Можно конечно, продолжать чтение и анализ всего, что за последние полтора столетия написано и наговорено русскими и украинскими интеллектуалами о проблеме украинского языка (от высказываний процитированного выше Николая Ульянова до аргументов П. Бицилли, А. Потебни, В. И. Вернадского, взвешивать их аргументы, сравнивать и т. д.), а можно просто оторваться от экранчика «киндла», на котором я читаю эти тексты, сидя в уличной кофейне на Пушкинской, и послушать, на каком языке говорят вокруг тебя. Нет, сказать, что весь Киев заговорил по-русски нельзя, но и столько украинской речи вокруг себя я не слышал ни в 70-е, ни в 2000-е годы. Киев реально становится двуязычным городом. И кстати, стоило мне открыть рот, ну, скажем, уточняя маршрут на улице или делая заказ в кафе, как я слышал вопрос: «Вы, наверно, из России?» «Как определили?» «Ну, тут не ошибешься – у вас такой акцент!», то есть здесь и русский, так сказать, свой русский, киевский. Ну, а, скажем, время, проведенное на Киевском автовокзале в ожидании автобуса на Чернигов, а потом два с половиной часа дороги были озвучены для меня уже исключительно украинской речью.

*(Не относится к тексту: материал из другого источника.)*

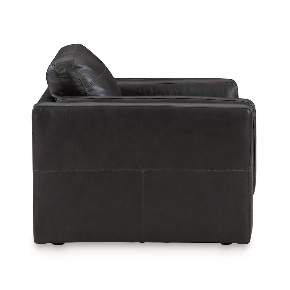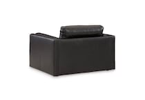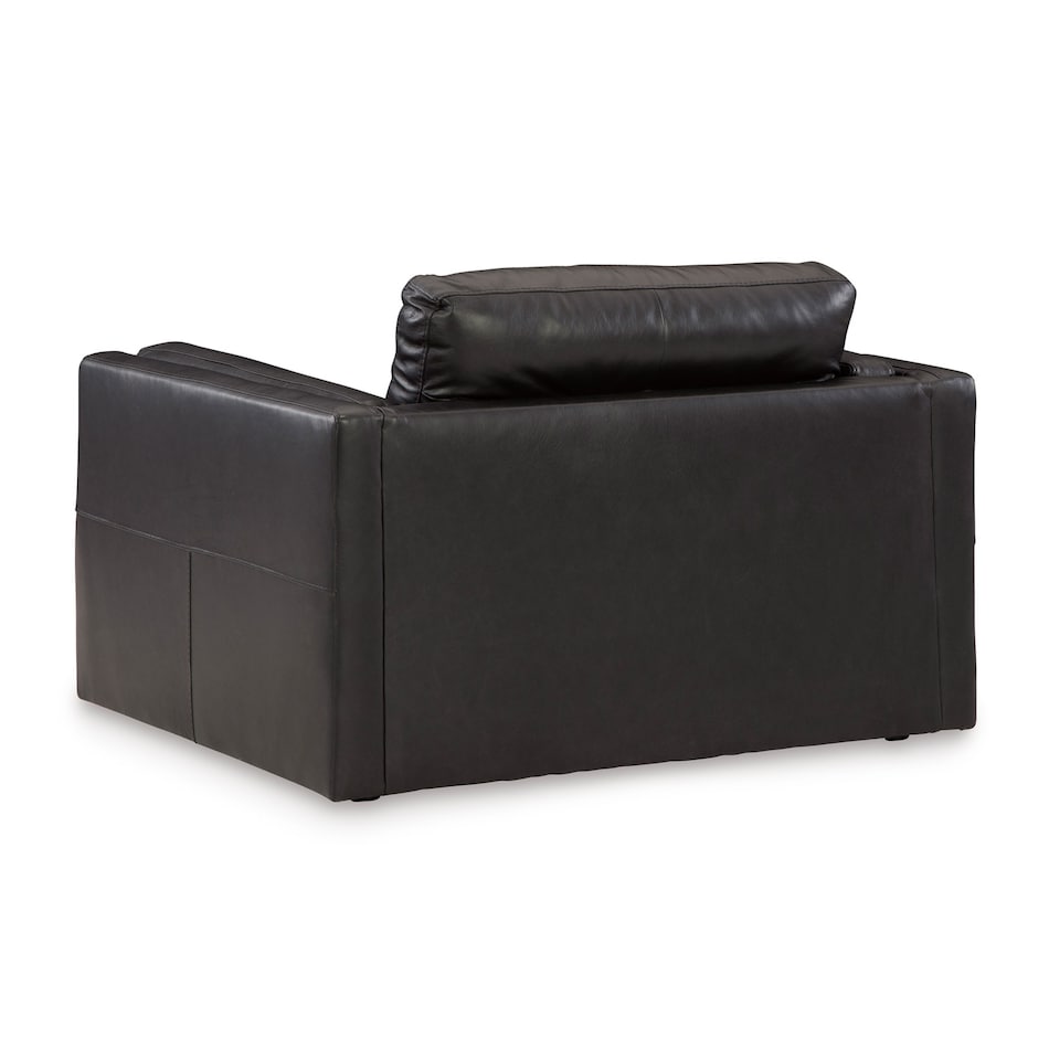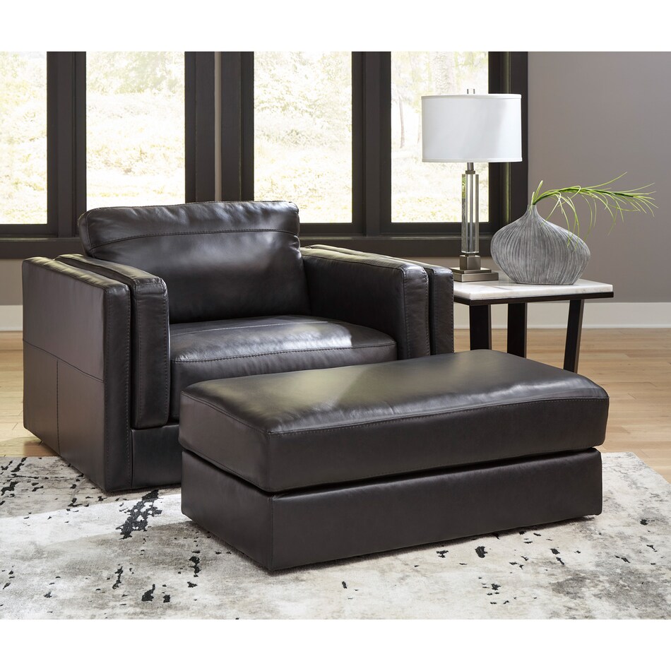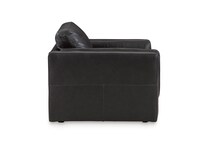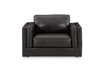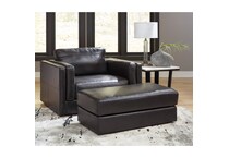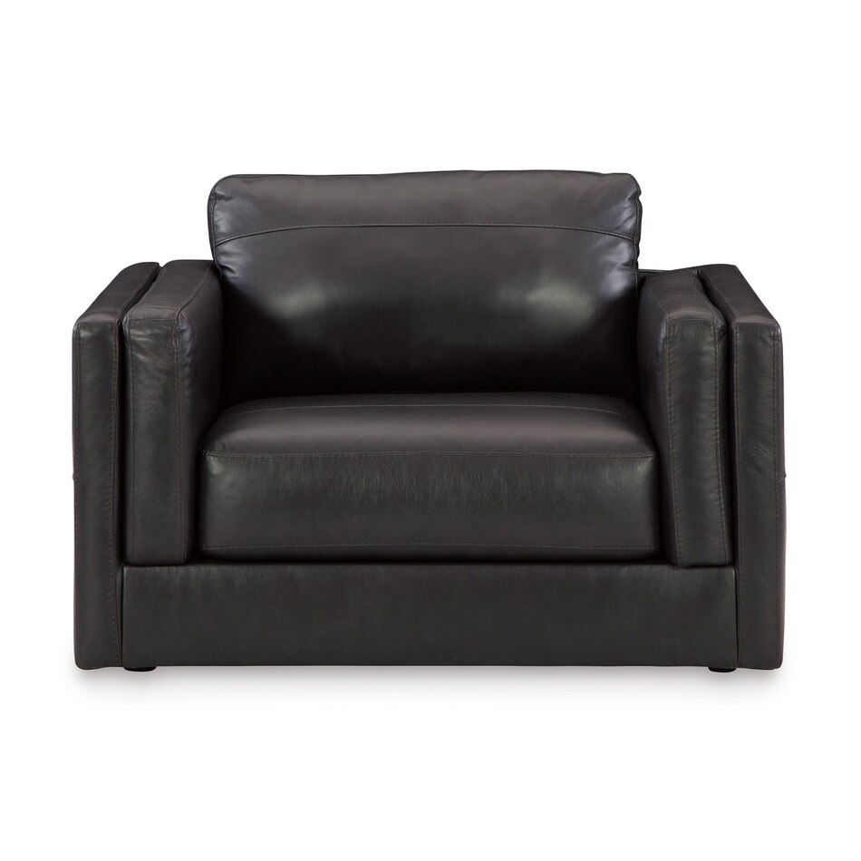 Keen on crisp, contemporary design? Adore the pleasure of leather? Look no further. This oversized chair satisfies on every level. Richly textured and decadently supple, the plush cushions are wrapped with combination leather and faux leather upholstery in an on-trend onyx tone. Sleek double-padded arms and a low, clean-lined profile complete the chair's simply chic appeal.

То есть, похоже, что давний спор о языке, возможно, актуальный еще лет двадцать-тридцать назад, закончился.

И как жаль, что участники того спора не могли наблюдать нынешнего сюжета «Киевских Лавров» – я вижу перед собой то, о чем они могли только гадать, полагаясь на свою логику и на свою интуицию.

На всем почти протяжении ХХ века украинская литература рассматривалась большинством русских интеллектуалов, даже из числа украинофилов, как «украиноязычная литературы России», то есть, по сути, как некая литературная субкультура, своеобразный «куточек» для сохранения текстов Котляревского, Шевченки, Леси Украинки и др., ну а в советское время для текстов их позднейших эпигонов. И, казалось бы, этот статус украинской литературы окончательно был закреплен, намертво забетонирован мерами советской власти по зачистке украинской культуры от «украинизаторов» в 20-30-е годы, когда творческая интеллигенция Украины уничтожалась как «буржуазно-националистическая» уже просто физически [1]. Но, несмотря на объявленную «Литературной энциклопедией» в 1939 году победу над происками украинских националистов от литературы, внутри этой литературы все же что-то оставалось, какие-то пусть и прерывистые процессы, но – шли. Одним из проявлений их стал, например, феномен украинской «химерной прозы» конца 60-х годов в творчестве Владимира Дрозда, Валерия Шевчука, Василя Земляка, отсылающий нынешнего читателя не к новомодному жанру ироничных фэнтези «Пратчетт и К⁰», но к традициям староукраинской литературы и фольклора. В полную силу возрождение прерванной насильственно традиции началось в прозе 90-х, и нынешнее поколение уже не возрождает, оно полным ходом движется вперед.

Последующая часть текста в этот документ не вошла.